Rocky and Girl Fight also express the theme of non-conventional images used
by a director in order to show personal struggle. Though Rocky is about a male
boxer, his brutal beatings and the scene were his eyelid needs to be cut open
depicts just how hard he needs to prove to himself that he can go the distance.
In Girl Fight, the character of Diana is not that different. Instead of Rocky
needing to prove to himself that he can go the distance in this one fight, Diana
needed to prove to herself that she could go the distance in life. Each time
Diana hit the punching bag, or took a jab at someone, she was struggling with
herself to prove that she can have a better life. Her bleeding and multiple
bruises that the audience witnessed were reminders that she needed and wanted
to do this for herself. She needed to believe that she could have that better
life like Pat and the women of the ABL when she put her mind to it. In Girl
Fight it is interesting, because at the end of the movie, when Diana reaches
that goal within herself, we see the sunlight directly on her face for the first
time in the whole movie, an image that would be used commonly to portray beauty
and gentility in a woman.
In Pumping Iron II, the central theme was this idea of a womanly woman who was
also strong. Each bodybuilder in the film struggled with her own idea of what
the competition was looking for. Bev had to struggle with the fact that she
was strong, but perhaps not womanly enough for the judges. This was depicted
by Bev's dance performance in the movie. She added little hand waves and hip
motions at the end of her dance that was distinctly feminine. Rachel had to
struggle with being pretty and perhaps not strong enough. Each woman had to
define strength and beauty for themselves before they could go out on that stage
and be judged. Some women cried while working out, some women felt foolish while
getting "prettied up". A few seemed to be able to really feel comfortable with
who they were. Bev did settle her inner struggle in the movie after losing.
She knew who she was, and was proud of it as shown by her immediate happiness
at ordering food after an unfair loss. Like the women above, Bev's bodybuilding
struggle and unconventional appearance lead her to define what kind of woman
she is.
Jess in Bend it Like Becham used her struggle in soccer to define what kind
of woman she was as well. She was depicted as a non-conventional girl for her
background. Jess used soccer to help show her family that she was still apart
of their culture, but needed to define her own life a little differently. The
image that depicts this the best is when Jess puts on her sari after a soccer
game. Suddenly all the bruises and sweat are covered by this lovely garment.

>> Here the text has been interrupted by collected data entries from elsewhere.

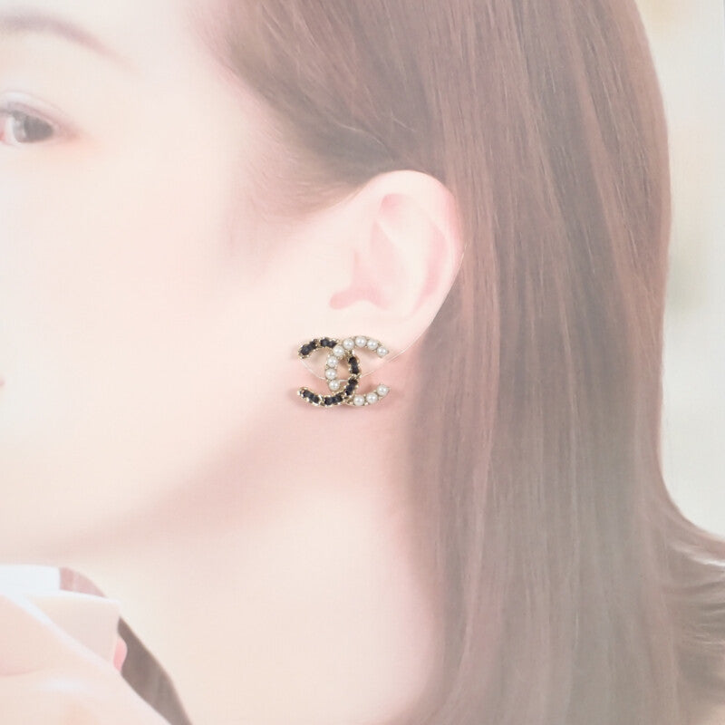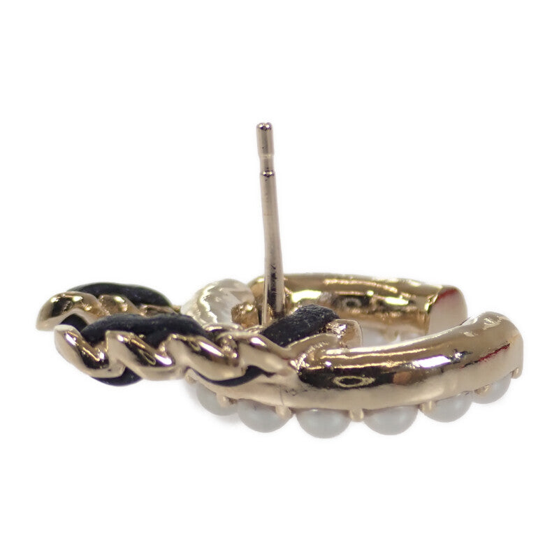 シャネル CHANEL ココマーク チェーンピアス B22B刻印 AB8703 ピアス メタル レザー フェイクパール ブラック ホワイト ゴールド金具 レディース【中古】【Aランク】
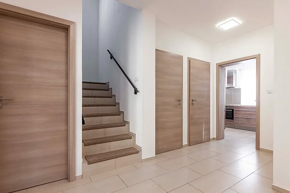 V přízemí domu je nájemci k dispozici vstupní chodba s vestavnou skříní, prostorný obývací pokoj se vstupem na zahradu, plně vybavený kuchyňský kout, jídelna, koupelna se sprchovým koutem, samostatná toaleta, technická místnost. Ve 2.NP jsou pak k dispozici 3 ložnice, koupelna s vanou toaletou a bidetem, šatna.
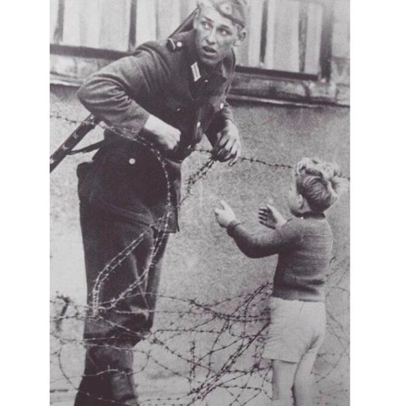 East German soldier helping a boy cross the new Berlin Wall, to reunite with his family. 1961
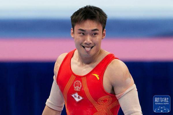 ↑张博恒在双杠比赛后。新华社记者 许雅楠 摄
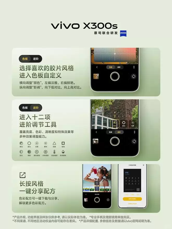 这意味着,X300Pro和X300的用户将率先体验到这一功能。具体来说,本月底前就能在相册内使用调色盘进行后期处理;而到了6月,更为便捷的相机内实时调色功能也将推送。对于其他机型用户,官方也承诺“未来会陆续开放”,值得期待。
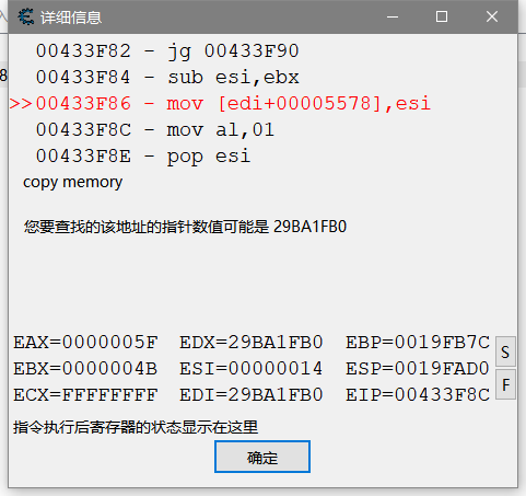 先将esi入栈 ,将当前阳光值赋给esi,将edi的值赋给edx,调用33E90段的程序,返回后继续执行:eax=eax+esi,比较ebx和eax具体的方法为ebx-eax然后根据结果就修改IF和CF标志位,jg条件转移当CF=1时,所以这段的意思就是如果ebx>eax就执行33F90程序,如果ebx<eax就继续往下执行:
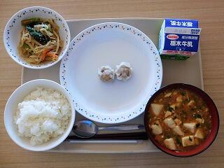 今日の給食は、ごはん、牛乳、マーボー春雨、プチ餃子スープです。
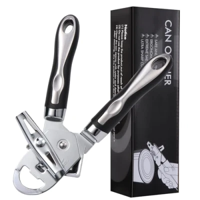 Strong Stainless Steel Blade: Equipped with a durable and sharp stainless steel cutting wheel, this can opener easily pierces through any can! Rust-resistant for long-lasting performance - essential kitchen accessories Extra Smooth Cutting: The tin opener effortlessly latches onto cans and locks securely in place for a clean, smooth cut every time! No more jagged edges - just excellent results Magnetic Lid Removal: We smartly designed a strong magnet on the side of the can opener to safely lift the lid after cutting! Say goodbye to sharp edges - keep your hands safe and your food clean Effortless Knob: This can opener manual features an oversized knob that is easy to turn and provides a secure grip, making it simple to open even large cans! Friendly to the seniors, women. Tin openers for arthritis hands Ergonomic Handle: Slip-resistant, soft-grip handles ensure comfort and and are oversized to absorb more pressure and tension! Open cans with ease - no effort, just a grip All-in-One Design: More than just a can opener - it includes a built-in bottle opener for beer, soda, and other bottles with lids to meet all your needs! Ideal for kitchens, camping, picnics, bars, and restaurants Turn the knob clockwise, otherwise it may fall apart or get damaged Hand wash (recommended) and dry completely
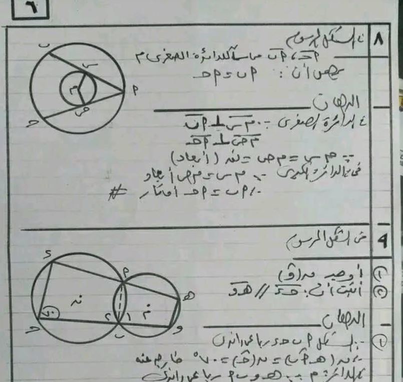- حل امتحان هندسة ثالثة إعدادي المنوفية بالتفصيل
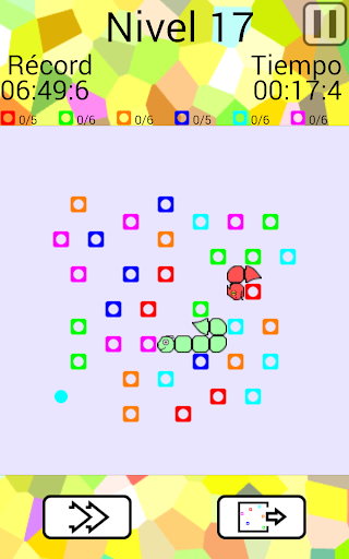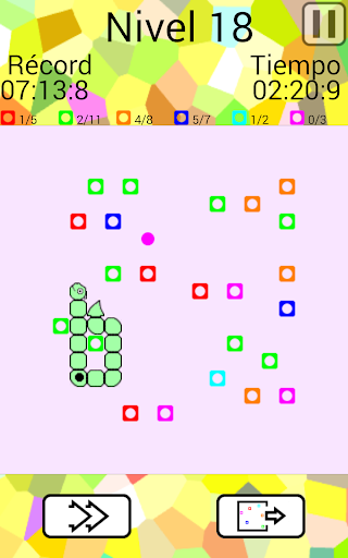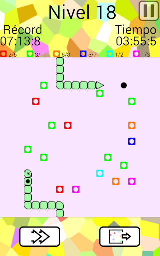 El juego está dividido en dos partes independientes de 20 niveles cada una. En la primera, la serpiente deberá comer las bolas negras que aparezcan y empujar las de color al lugar correspondiente hasta acabar con todas, en la segunda parte además, aparece un monstruo que deberás evitar que te atrape.
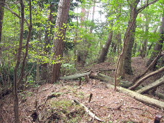 サア。バリエーションルートの尾根先の確認をし、尾根に取り付く、初手から植林内のナカナカの急登 この尾根を捲くようにルートがあるらしいがショウタン達には分からない。ショウタン達は直登だ 少し登って小休止していると西下に車が見えた アレー、父鬼から伸びる林道終点がそこまで来ているようだ。山と高原地図にも記載されていた。 古い道標があったが無視して直登 尾根を登って行くと踏み後があり小枝が払われルートが現れた 後は説明のしようが無い、地図尾根通り千本杉を目指す。コースは踏み後があり分かりよい 又地図と照らし合わせても地形がハッキリと現れ地図読みも楽しい 途中P540m付近で巻き道が続き直登より良いと判断巻き道を進んで 途中で分岐もあるが、この付近はテープが現れ踏み後もハッキリとある どうやら、尾根下の道標の続きのようだ ![]() 千本杉付近の尾根に出て尾根を東にブッシュを分けると桧原越えにでた ここまでのコース略図 ![]() |
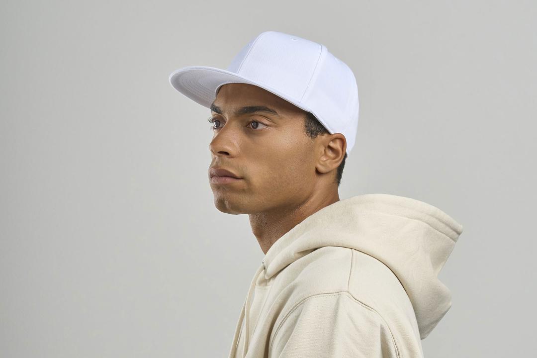 Structured six panel cap with full prostitching and snapback closure. Made of 100% certified recycled polyester. Old school look and flat visor shape.
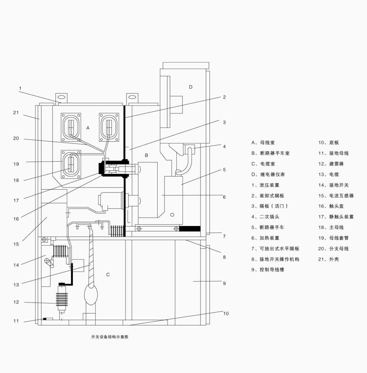 3.電纜室可裝多達9根單芯電纜,設備有可靠的機械、電氣聯鎖裝置,完全滿足“五防”要求。各室設有泄壓通道,確保運行人身安全。
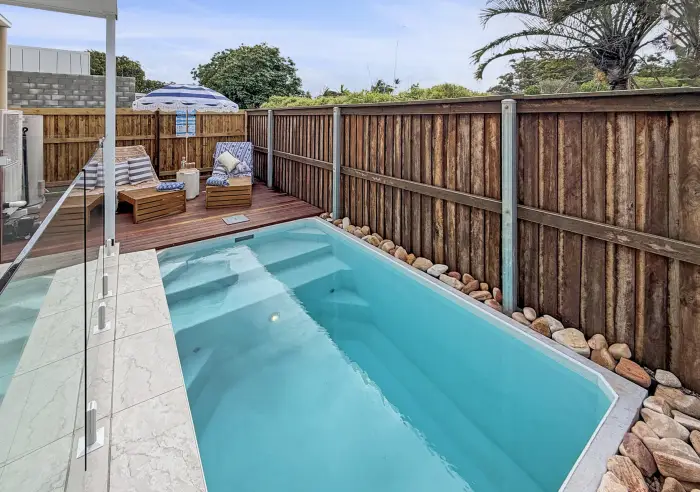 Set on an end lot with neighbours on only one side, the home enjoys excellent natural light throughout the day and a desirable north east aspect with water views. The orientation captures morning sun and coastal breezes, making the outdoor spaces particularly enjoyable year round.
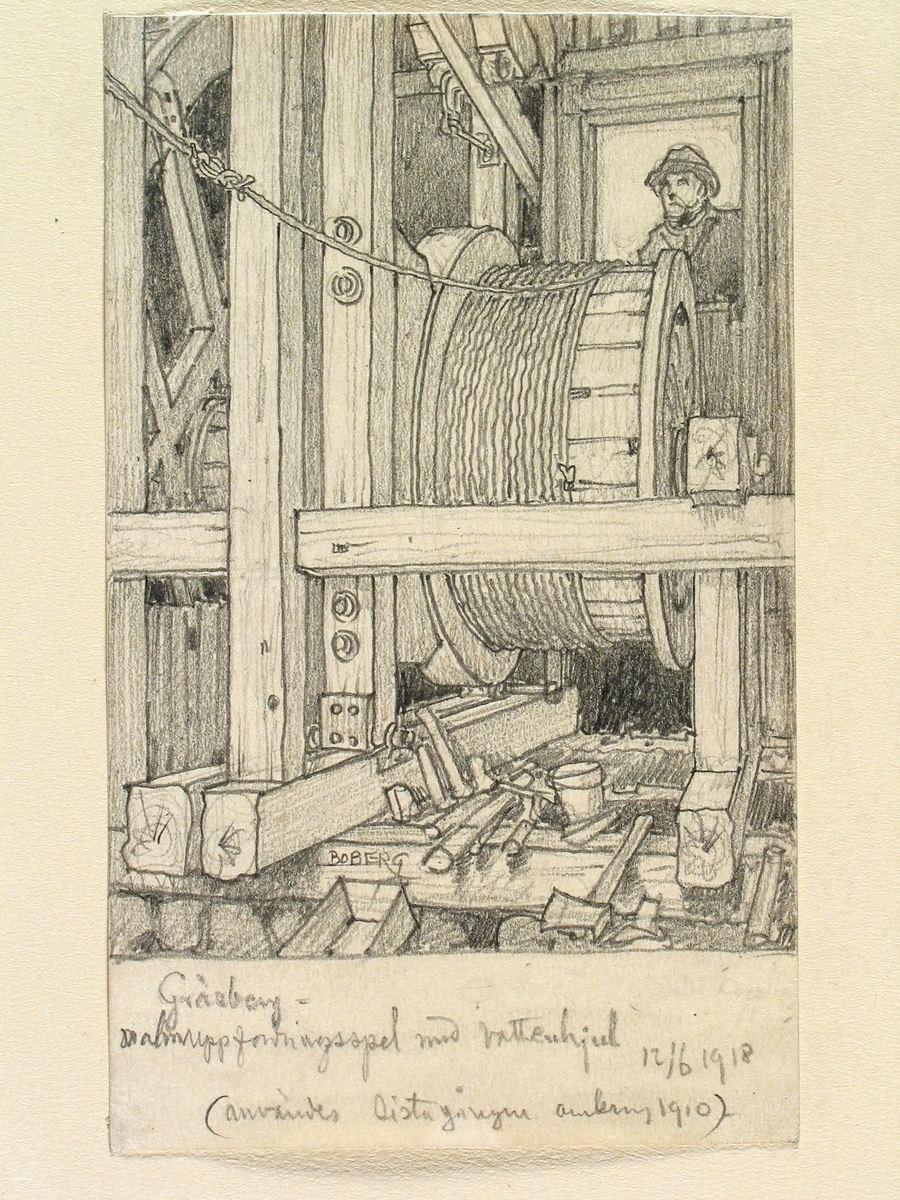 Teckning av Ferdinand Boberg. Dalarna, Ludvika socken, Gräsberg. "malm. uppforslingsspel med vattenhjul 12/6 1918. (Användes sista gången omkring 1910)" (ordet forsling något osäkert svårläst)
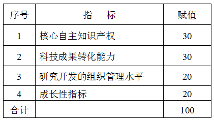 指标计算与赋值说明: 1.四项指标赋予不同的数值(简称“赋值”);企业不拥有核心自主知识产权的赋值为零。 2.每项指标分数比例分为六个档次(A,B,C,D,E,F),分别是:0.80-1.0、0.60-0.79、0.40-0.59、0.20-0.39、0.01-0.19、0; 3.各项指标实际得分=本指标赋值分数比例; [例]某指标赋值20,指标评价档次为“B”,分数比例评为0.7, 则:实际得分=20分×0.7=14分 4.评价指标以申报之日前3个年度的数据为准。如企业创办期不足3年,以实际经营年限为准。 5.各项指标的选择均为单选。 一、核心自主知识产权指标 企业拥有的专利、软件著作权、集成电路布图设计专有权、植物新品种等核心自主知识产权的数量(不含商标)。 □A. 6项,或1项发明专利 □B. 5项 □C. 4项, □D. 3项 □E. 1~2项 □F. 0项 说明: 1.由专家对企业申报的核心自主知识产权是否符合《工作指引》要求进行评判。 2.同一知识产权在国内外的申请、登记只记为一项。 3.若知识产权的创造人与知识产权权属人分离,在计算知识产权数量时可分别计算。 4.专利以获得授权证书为准。 5.企业不具备核心自主知识产权的不能认定为高新技术企业。 二、科技成果转化能力指标 最近3年内科技成果转化的年平均数。 □A. 4项以上 □B. 3~4项(不含3项) □C. 2~3项(不含2项) □D. 1~2项(不含1项) □E. 1项 □F. 0项 说明: 1.同一科学技术成果(专利、版权、技术使用许可证、注册的软件版权、集成电路布图设计)在国内外的申请只记为一项。 2.购入或出售技术成果以正式技术合同为准。 3.此项评价可计入技术诀窍,但价值较小的不算在内。从产品或工艺的改进表现来评价技术诀窍等的价值大小(企业可以不披露具体内容)。 4.技术成果转化的判断依据是:企业以技术成果形成产品、服务、样品、样机等。 三、研究开发的组织管理水平指标 (1)制定了研究开发项目立项报告;(2)建立了研发投入核算体系;(3)开展了产学研合作的研发活动;(4)设有研发机构并具备相应的设施和设备;(5)建立了研发人员的绩效考核奖励制度。 □A. 5项都符合要求 □B. 4项符合要求 □C. 3项符合要求 □D. 2项符合要求 □E .1项符合要求 □F.均不符合要求 四、总资产和销售额成长性指标 此项指标是对反映企业经营绩效的总资产增长率和销售增长率的评价(各占10分),具体计算方法如下 : 总资产增长率=1/2(第二年总资产额÷第一年总资产额+第三年总资产额÷第二年总资产额)-1。 销售增长率=1/2(第二年销售额÷第一年销售额+第三年销售额÷第二年销售额)-1; 用计算所得的总资产增长率和销售增长率分别对照下表指标评价档次(ABCDE)评出分数比例,用分数比例乘以赋值计算出每项得分,两项得分相加计算出总资产和销售额成长性指标实际得分。
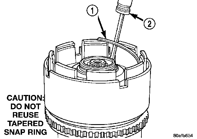 15. Remove the OD/UD reaction plate tapered snap ring (1).
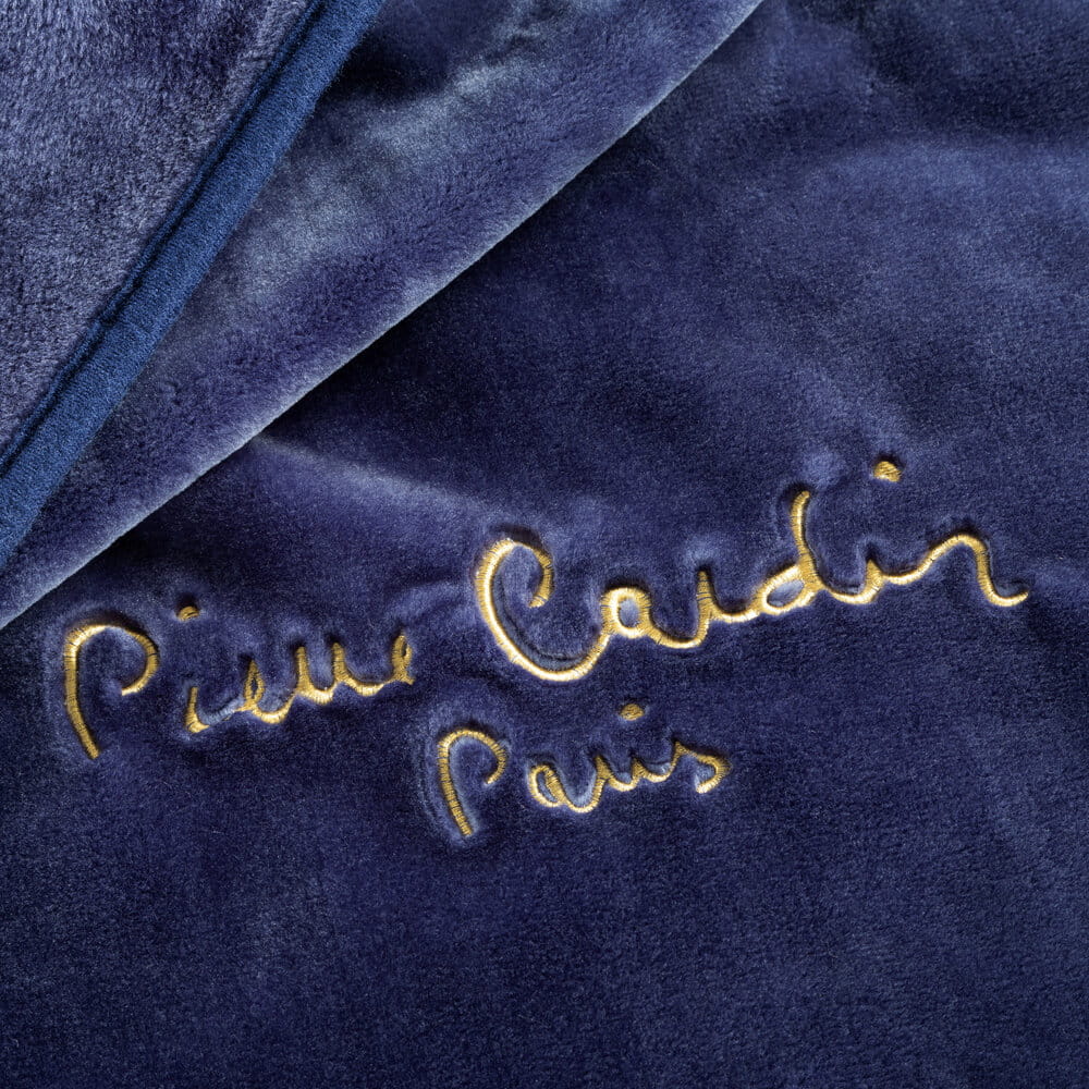 Jednokolorowy, ekskluzywny koc z kolekcji Pierre Cardin z haftowanym logo projektanta. Bardzo puszysty pled akrylowy z poliesterem jest wyjątkowo ciepły. szerokość: 220 cm, długość: 240 cm, kolor: granatowy, Gramatura: 700 GSM, Skład: 100% poliester
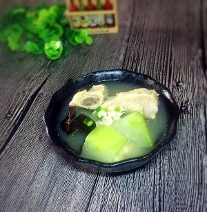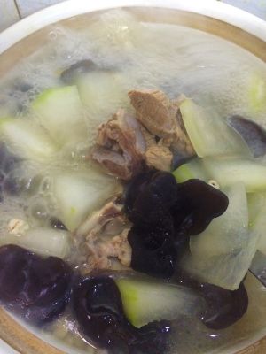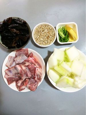 排骨用温水洗干净,冬瓜去皮冲洗干净切片,木耳与薏米仁提前两小时泡发。
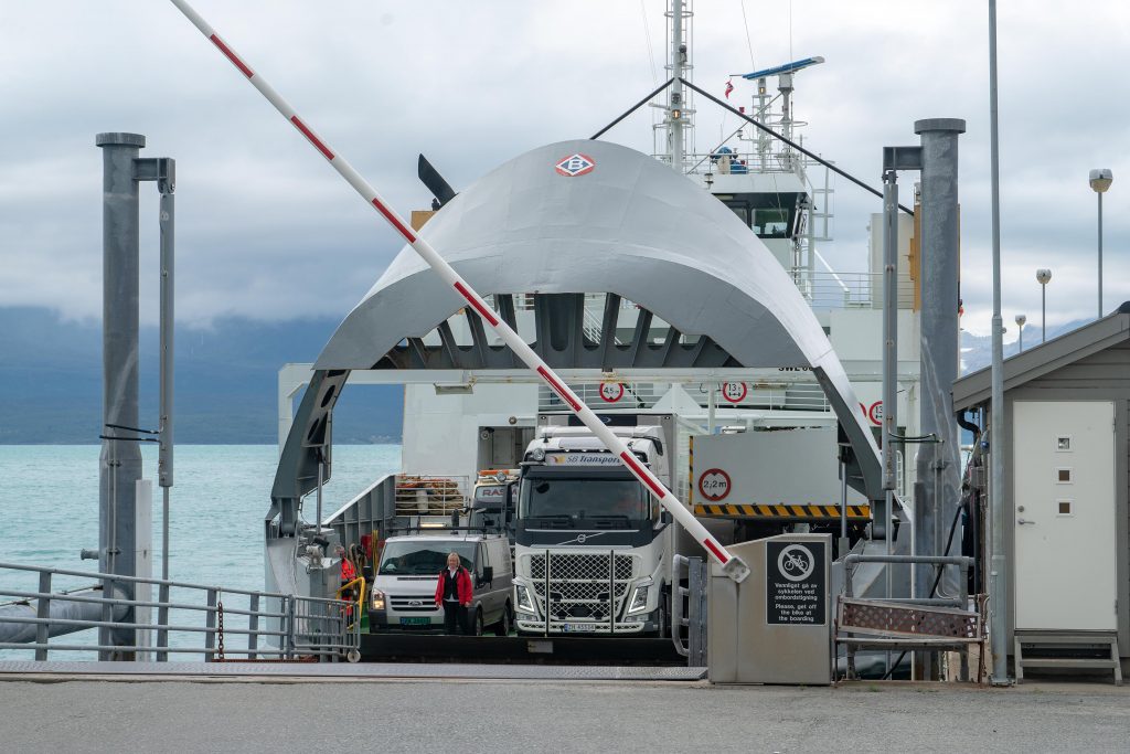 Unsere heutige Tagesetappe soll uns nach Narvik führen. Am Morgen verziehen sich die letzten Regenwolken, aber es bleibt bewölkt. Wir kommen nur langsam voran, denn einige Streckenabschnitte werden modern ausgebaut. Bei 66 Grad und 33 Minuten nördlicher Breite überqueren wir über das Saltfjell den Polarkreis, bzw. wir machen am Polarkreiszentrum halt und sehen uns um. Das Zentrum wurde am 13.07.1990 eröffnet und bietet Informationen über den Polarkreis, einen Andenkenladen und eine Cafeteria. Es ist beliebter Treffpunkt fast aller Nordlandfahrer. Unser nächster Stopp ist eine Lachszuchtanlage, die gut von der Straße aus zu betrachten ist. Kurz vor Narvik erwartet uns die erste Fährüberfahrt über den Tysfjorden. Bezahlung, wie in Norwegen üblich bargeldlos, Roll on und off gehen schnell vonstatten und wir gelangen durch herrliche Landschaft nach Narvik.

The director shows us the two sides of Jess. She can be strong and feminine
at the same time. This is who she knows she is, she just has to convince other
people of it as well. In Jess going against the grain of her culture and playing
soccer, she is able to finally define herself as an adult to herself and to
her family.
The directors in all of these films use non-conventional and sometimes not pretty
images of women to reflect the inner struggles that the characters are dealing
with. For Pat, with her pants and pain, she uses sports as a guide to a better
life and better man. The women of the ABL use their baseball bruises to help
them fulfill a part of their lives that most women were not able to at that
time. Like Rocky going the distance, every bruise and bloody knuckle made Diana
push that much harder for a better and happier life for herself. Bev's struggle
with the definition of femininity helped to define who she was to herself. Similarly,
Jess used soccer as a catalyst to change her life so that she could become the
woman she wanted to be. All of these women suffered pain and hard emotions in
each of their sports. The directors depictions of these two things expressed
to the audience that these women needed to "believe in themselves more than
anything in this world" before they could truly begin living.